» Source data:
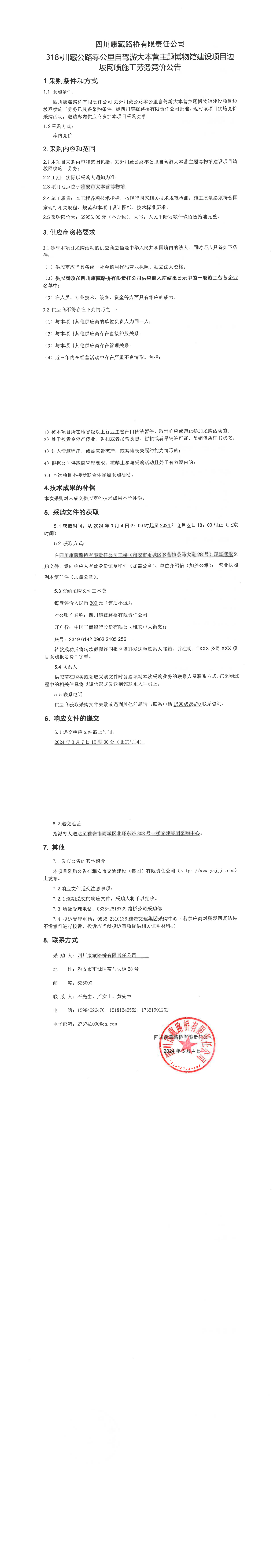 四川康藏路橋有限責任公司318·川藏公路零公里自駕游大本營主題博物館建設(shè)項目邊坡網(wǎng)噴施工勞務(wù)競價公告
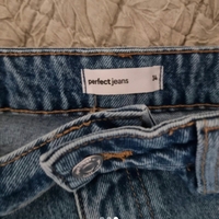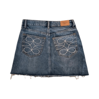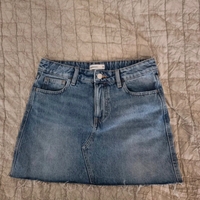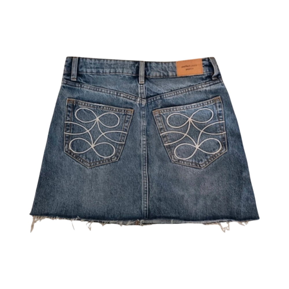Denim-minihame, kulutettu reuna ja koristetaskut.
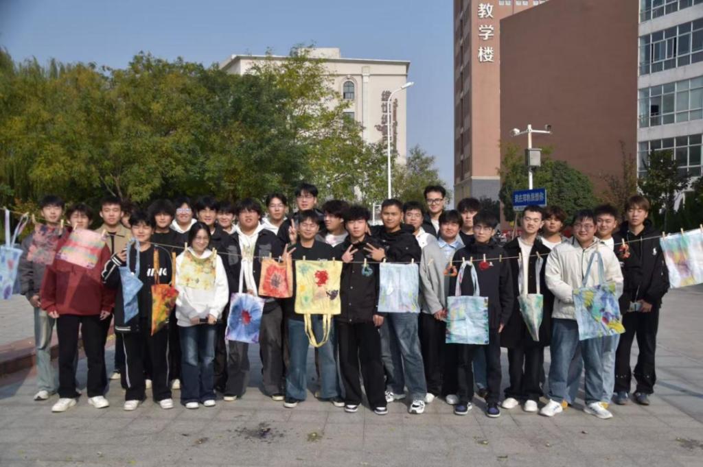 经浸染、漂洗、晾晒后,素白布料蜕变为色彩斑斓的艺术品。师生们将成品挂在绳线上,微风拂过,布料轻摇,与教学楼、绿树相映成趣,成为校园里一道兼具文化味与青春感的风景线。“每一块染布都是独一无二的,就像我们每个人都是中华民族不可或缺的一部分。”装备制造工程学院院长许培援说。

» Requirement: Exclude the images and reproduce the remaining data exactly.

» Result of this task:
 四川康藏路橋有限責任公司318·川藏公路零公里自駕游大本營主題博物館建設(shè)項目邊坡網(wǎng)噴施工勞務(wù)競價公告
Denim-minihame, kulutettu reuna ja koristetaskut.
 经浸染、漂洗、晾晒后,素白布料蜕变为色彩斑斓的艺术品。师生们将成品挂在绳线上,微风拂过,布料轻摇,与教学楼、绿树相映成趣,成为校园里一道兼具文化味与青春感的风景线。“每一块染布都是独一无二的,就像我们每个人都是中华民族不可或缺的一部分。”装备制造工程学院院长许培援说。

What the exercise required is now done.